Primary information
Username: briel
Cluster: yggdrasil
Description
Submitting a job array that writes to nfs-isilon.astro.unige.ch:/ifs/astro/projects/posydon
results in the jobs immediately FAILING with an exit code 0:53, when ran from the private-astro-cpu partition.
I’m still able to access and create files on this filesystem from the login node.
Moreover, it’s also still possible to write to nfs-isilon.astro.unige.ch:/ifs/astro/projects/posydon from the
debug-cpu`.
These jobs ran from the private-astro-cpu partition used to work fine, but now suddenly fail.
Steps to Reproduce
- Create a slurm submission file with the
private-astro-cpu
partition onnfs-isilon.astro.unige.ch:/ifs/astro/projects/posydon
and submit it from there. - The submitted run fails.
Example
#!/bin/bash
#SBATCH -N 1
#SBATCH --array=0
#SBATCH --partition=private-astro-cpu
#SBATCH --ntasks-per-node 1
#SBATCH --time=0-00:05:00
#SBATCH --job-name="mesa_grid_\${SLURM_ARRAY_TASK_ID}"

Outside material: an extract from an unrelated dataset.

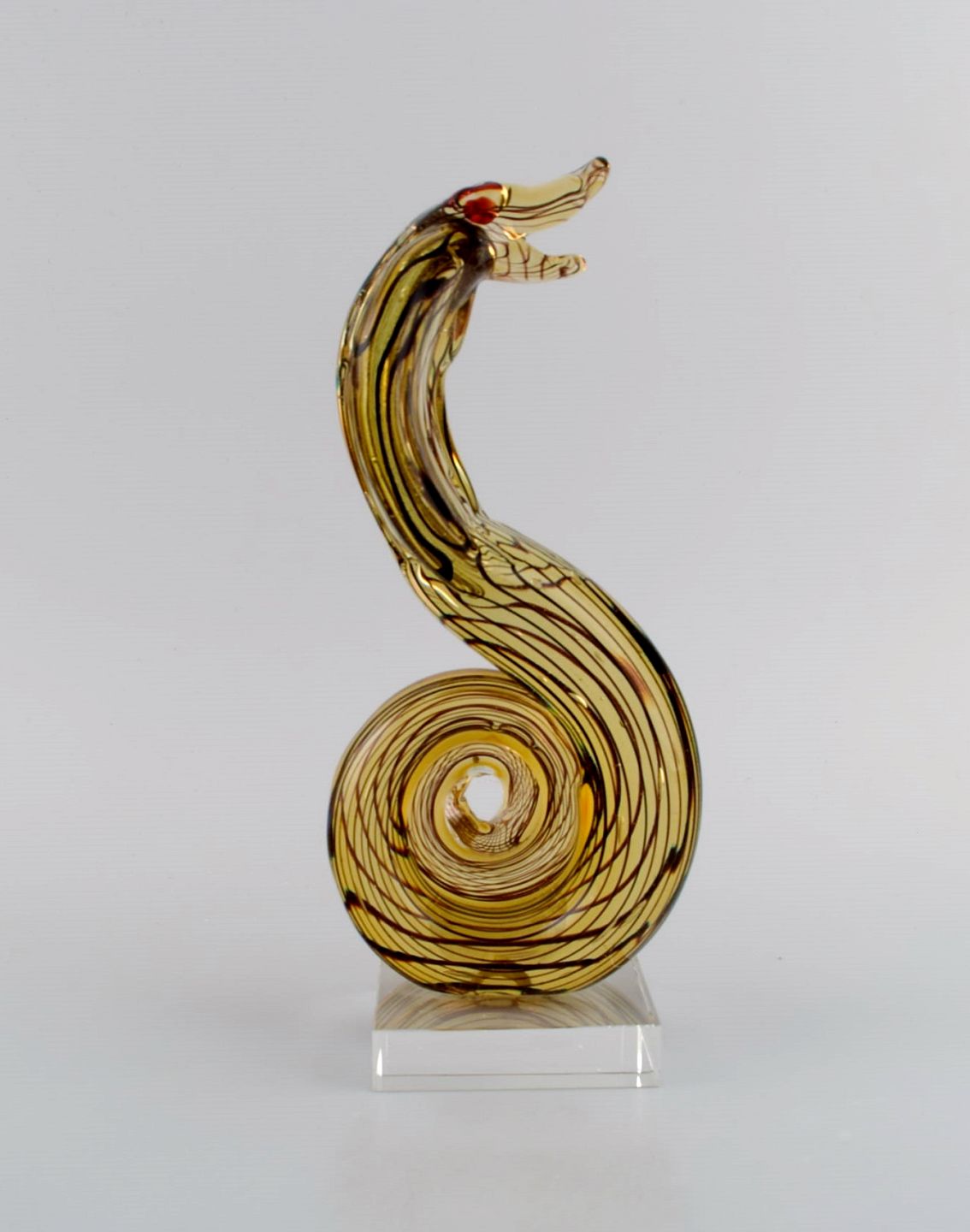 Sjælden Murano skulptur i mundblæst kunstglas. Kobraslange. 1960'erne.

#SBATCH --output=mesa_grid.%A_%a.out
#SBATCH --mail-type=ALL
#SBATCH --mail-user=max.briel@unige.ch
echo "test"
Expected Result
I expect the test submit to create a file with mesa_grid_SLURM_ARRAY_TASK_ID.out
with ‘test’ written in it.
Actual Result
I get no .out
file and the job nearly immediately fails with a 0:53 error code.